The whole listing below should be printed again exactly, with no images.

• [Given data]:
★ ★ ★ ★
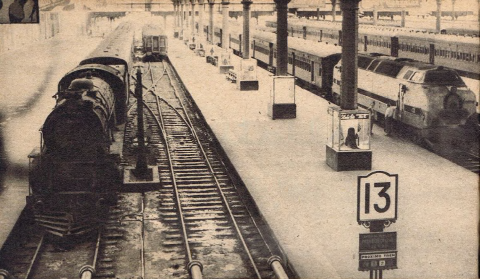
Estaciones silenciosas, convoyes detenidos, locomotoras abandonadas y andenes vacíos caracterizaron el espectáculo de las terminales de Buenos Aires durante la primera semana de huelga, que fue de paralización total. Posteriormente, el gobierno logró organizar servicios de emergencia. Esta resultó ser la más prolongada de las huelgas ferroviarias conocida en el país desde 1912, cuando el gremio pasó 57 días sin concurrir a sus tareas.
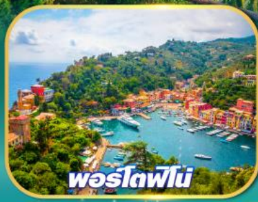
พอร์ตฟีโน
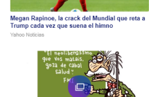
Así es como la 4T 'mató' al neoliberalismo
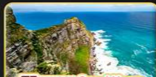
พืชมัทธาม Good Hope
★ ★ ★ ★
• [Result of this task]:
Estaciones silenciosas, convoyes detenidos, locomotoras abandonadas y andenes vacíos caracterizaron el espectáculo de las terminales de Buenos Aires durante la primera semana de huelga, que fue de paralización total. Posteriormente, el gobierno logró organizar servicios de emergencia. Esta resultó ser la más prolongada de las huelgas ferroviarias conocida en el país desde 1912, cuando el gremio pasó 57 días sin concurrir a sus tareas.
พอร์ตฟีโน
Así es como la 4T 'mató' al neoliberalismo
พืชมัทธาม Good Hope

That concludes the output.